“When we reached Jerusalem, the brothers and sisters welcomed us warmly. The following day Paul went in with us to James, and all the elders were present. After greeting them, he reported in detail what God had done among the Gentiles through his ministry” (Acts 21:17–19).
Two things are missing from this abbreviated account. Where are the Apostles? And did Paul deliver the benevolent gift?
“James (the half-brother if Jesus), and all the elders were present” but where were the original twelve Apostles? James, the son of Zebedee, had been beheaded (Acts 12:1-2). Where was Peter? John? Matthew? The answer is simple. We don’t know. The Bible is silent, but here’s my guess… they were away on business. Faithful to the Great Commission, they had been scattered across the Roman Empire.
Tradition says the Peter was crucified in Rome. Before they nailed him to the cross, he pleaded with the executioner to be hung upside down because, he said, he was unworthy to die in the same way the Jesus had died.
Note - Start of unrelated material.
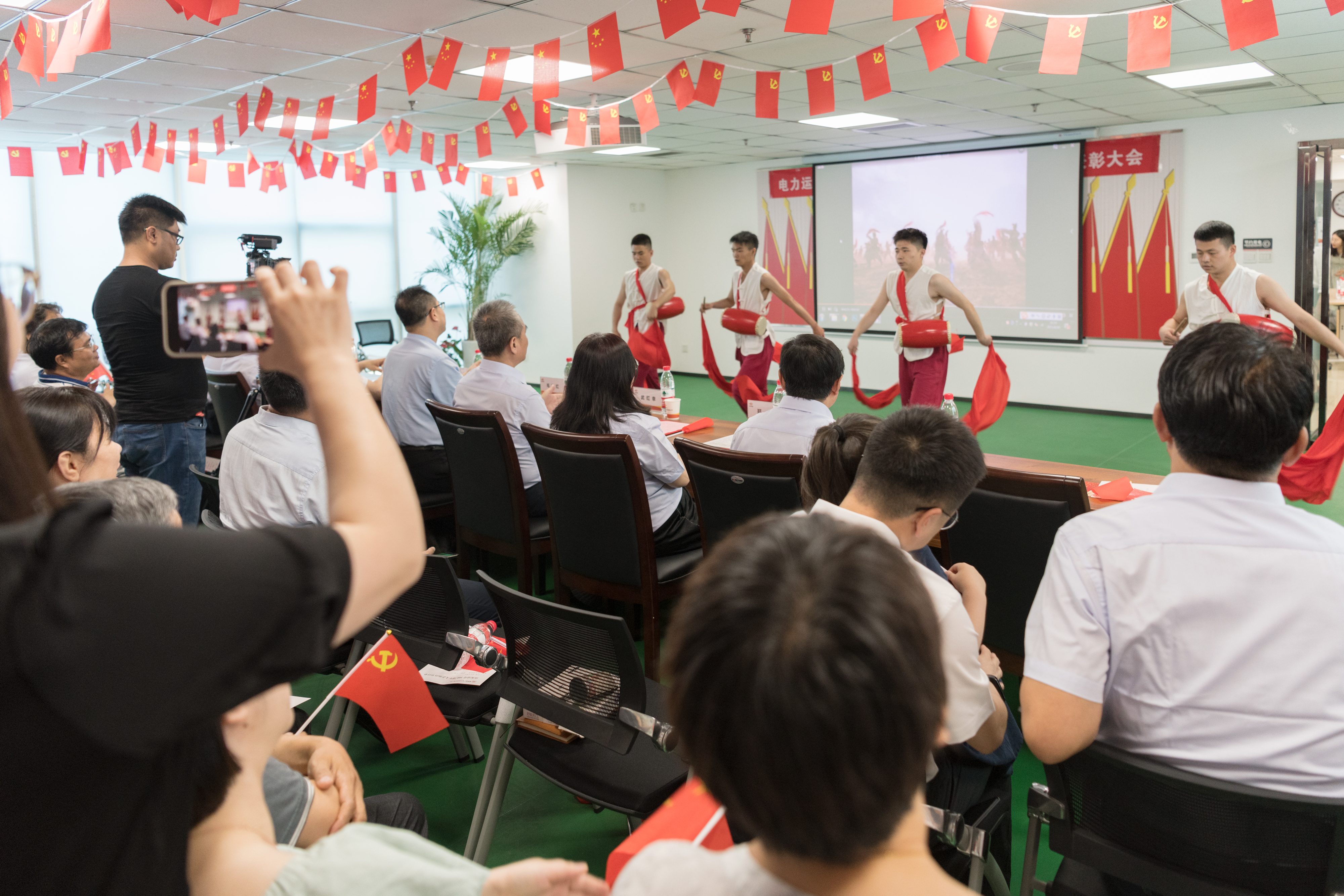 来自于公司各项目部、电力试验研究中心及机关各部室的干部职工以大合唱、腰鼓表演、军体拳表演、原创诗歌朗诵、器乐演奏等多种艺术表演形式回顾党的光辉历程、歌颂党的伟大成就,展现了电力运营广大干部职工一心向党、奋发有为的精神风貌。

Andrew, the first to be called as a follower of Jesus, may have traveled north into modern-day Russia. One account says that he led the wife of a high-ranking Roman official to saving faith in Christ. When the angry husband was powerless in his attempt to get his wife to recant, he had Andrew crucified on an X-shaped cross.
Thomas may have taken the Gospel to India, while Philip may have been stoned to death in Asia Minor. John, the last Apostle to die, and the only one to live into old age, suffered as an exile on the Island of Patmos.
There is something else that is missing at Paul’s warm welcome to Jerusalem. There is no mention of the benevolent gift given by the Gentile churches in Macedonia and Achaia.
Paul had given clear instructions to the Gentile churches. “On the first day of the week, each of you is to set something aside and save in keeping with how he is prospering” (1 Corinthians 16:2). While on the final leg of his third missionary journey, he visited the church to collect the money and wrote, “I am traveling to Jerusalem to serve the saints, because Macedonia and Achaia were pleased to make a contribution for the poor among the saints in Jerusalem. Yes, they were pleased, and indeed are indebted to them. For if the Gentiles have shared in their spiritual benefits, then they are obligated to minister to them in material needs. So when I have finished this and safely delivered the funds to them, I will visit you on the way to Spain” (Romans 15:25–28).
Paul did deliver the funds (Acts 24:17), but he did so with no fanfare. He must have quietly and humbly brought the extravagant gift. He took no personal credit for administering the gift, but humbly reported that the Gentiles, “according to their ability and even beyond their ability, of their own accord, they begged us earnestly for the privilege of sharing in the ministry to the saints” (2 Corinthians 8:3–4).